APPLYING THE MODEL TO A HYPOTHETICAL CASE STUDY
The City of Cape Town proposed a 9% water tariff increase for each tariff block for the 2010/11 financial year (City of Cape Town, 2010). A hypothetical case, based on a similar increase, is presented below. The model was applied to estimate alternative residential tariff increases and to investigate the effect it could have on water savings and revenue.
The following assumptions were made in the model.
- For the purpose of this example an increase of 10% was assumed and further increases in steps of 5% were investigated.
- Domestic consumers with a block tariff of 6 levels or less were used in the analysis.
- The analysis was done for 1 000 representative consumer units with an average monthly consumption of 25.4 kℓ/ month.
- The distribution of consumers and block tariffs presented in Table 2 were used.
- The water tariffs for the City of Cape Town's financial year 2009/10 (City of Cape Town, 2010) were used and the water tariff was then increased with 5%, 10%, 20%, etc.
- The average price elasticity values for low-, medium- and high-revenue groups, presented in Box 1, were used for different tariff blocks as follows: low revenue elasticity values were used in tariff blocks A and B; middle-income elasticity values for tariff blocks C and D; tariff block E represented the high-income elasticity values.
Two possible scenarios were analysed for the case study. In the first scenario, the price elasticity values from Table 1 (Van Vuuren et al., 2004) for Cape Town (-0.11, -0.10, -0.09) were used. In the second scenario, values from Table 1 (Van Vuuren et al., 2004) for South Africa (-0.14, -0.17, -0.19) were used.

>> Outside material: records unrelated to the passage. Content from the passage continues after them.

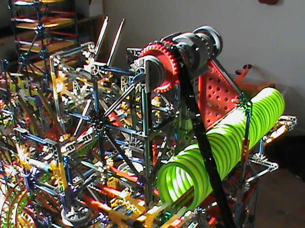 estas son las instrucciones de mi elevación de máquina de bolas nuevas e innovadoras, que está en la página de Shadowman39 en bola máquina ascensores. Se utiliza una llanta de la rueda invertida, con interiores 'bolas', que bola la bola como entra en
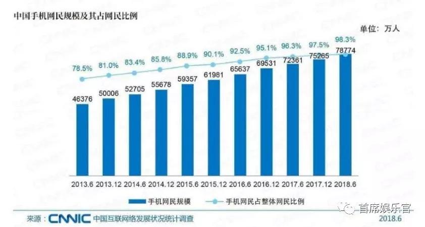 但对比我国网民规模以及手机网民规模近几年的变化,可以发现:虽然网民规模依旧在不断增加,增速依旧,但手机网民的规模开始趋于饱和、增速逐渐放缓——互联网和移动互联网的用户正趋于饱和。
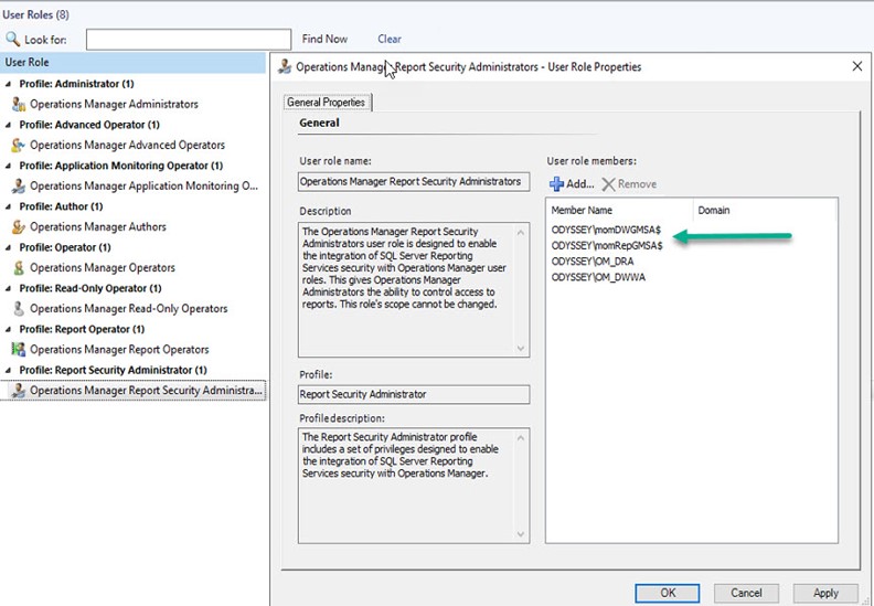 Additionally, and although I didn’t find this step in Microsoft documentation, I found it was necessary to avoid error messages. Add the new Data Warehouse Write Account and Data Reader accounts (momDWGMSA$ and momRepGMSA$) to the Operations Manager Report Security Administrators User Role in the SCOM Console -> Administration -> Security -> User Roles as shown in Figure 6.
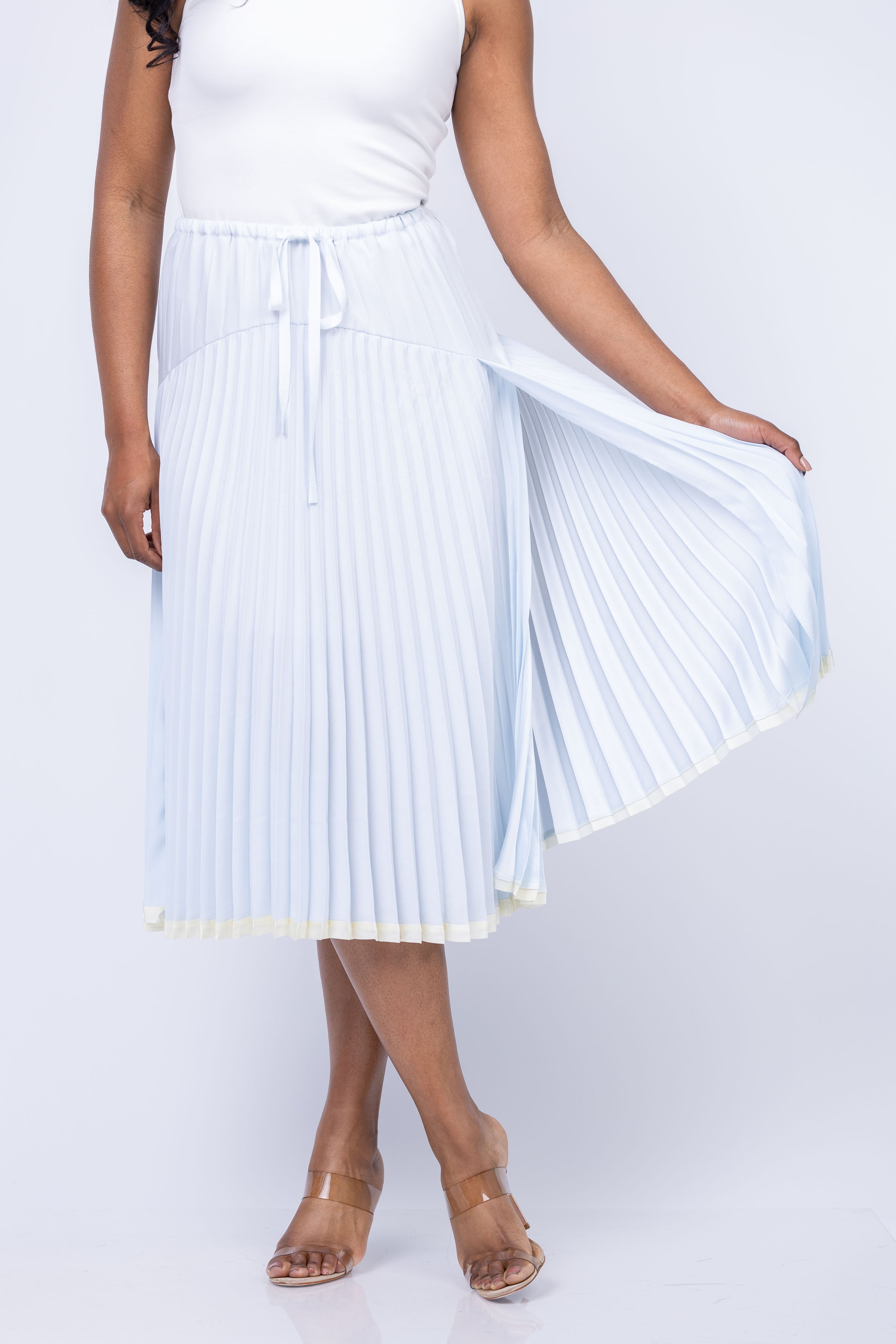 Vince Pleated Tiered Skirt in Sky Mist
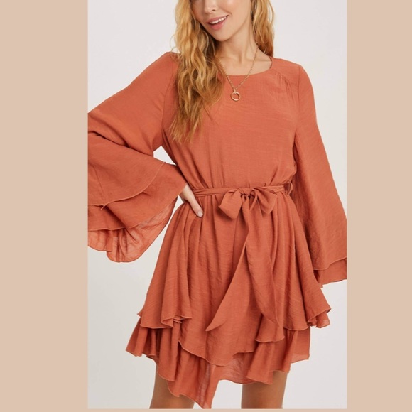 Boho style woven dress featuring a double layered wide bell sleeve and a matching ruffle hem to the skirt, self tie belt, round neck, relaxed fit and flare
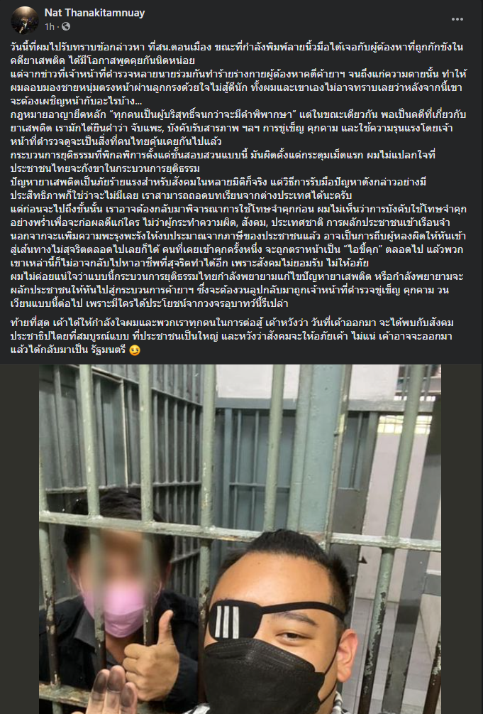วันนี้ที่ผมไปรับทราบข้อกล่าวหา ที่สน.ดอนเมือง ขณะที่กำลังพิมพ์ลายนิ้วมือได้เจอกับผู้ต้องหาที่ถูกกักขังในคดียาเสพติด ได้มีโอกาสพูดคุยกันนิดหน่อย
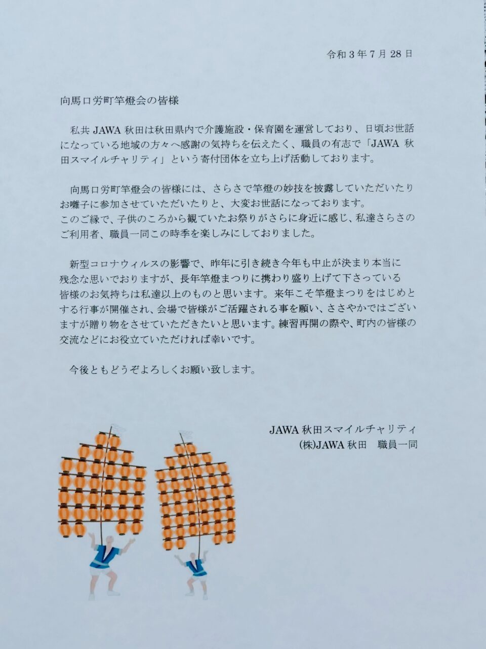 竿燈会の方からは開催中止に伴い練習もできない状態であるとお話を伺い、私たちさらさ秋田駅前のパートナーもニュースをみて残念な思いでした。竿燈会の方々の思いはそれ以上ではないかと思いました。そこでさらさ秋田駅前では秋田の伝統文化竿燈を応援させていただきたいと思い、いつもお世話になっている 向馬口労町竿燈会の 皆様へJAWA秋田スマイルチャリティとして何かお力になれないかとお話を伺いました✨
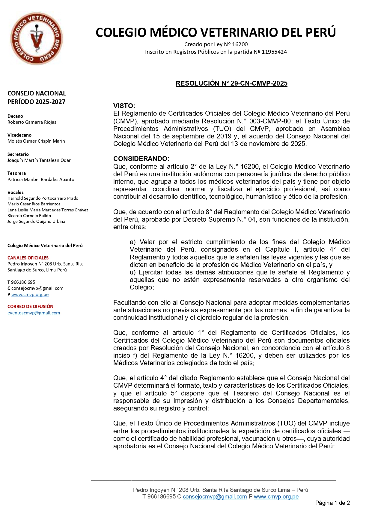 Resolución de Certificados Oficiales a través Colegio Médico Veterinario del Perú

The estimated percentage water savings as well as the percentage increase in revenue were calculated by the model for every set of alternative new tariffs. The impact of these new tariffs for the two different elasticity values is illustrated in Fig. 4.
The model presented in this paper took into account variation in price elasticity per tariff block. The effectiveness of the model as a planning tool is illustrated through an appropriate example. A number of different conclusions can be made:
- An increase in water tariffs causes an increase in the expected water savings and therefore causes a reduction in water consumption. The price elasticity values selected determines the slope of the decrease in water consumption, as could be expected.
- The percentage of water savings and revenue increases with an increase in the absolute elasticity values for a specific increase in water tariffs. The percentage increase in revenue from water sales is typically higher than the actual percentage in water savings. Using the correct price elasticity values is essential to determine the correct expected impacts of price increases.
The proposed model is able to analyse the possible impact of an increase in water tariffs on the water consumption and associated income. It can be concluded that the savings gained from water tariff increase may not be significant unless notable price elasticity values apply in the area. Water saving is typically lower than the increase in revenue induced by the increased cost and therefore the water saving could be regarded as a secondary benefit.
This paper was originally presented at the 2012 Water Institute of Southern Africa (WISA) Biennial Conference, Cape Town, 6-10 May 2012.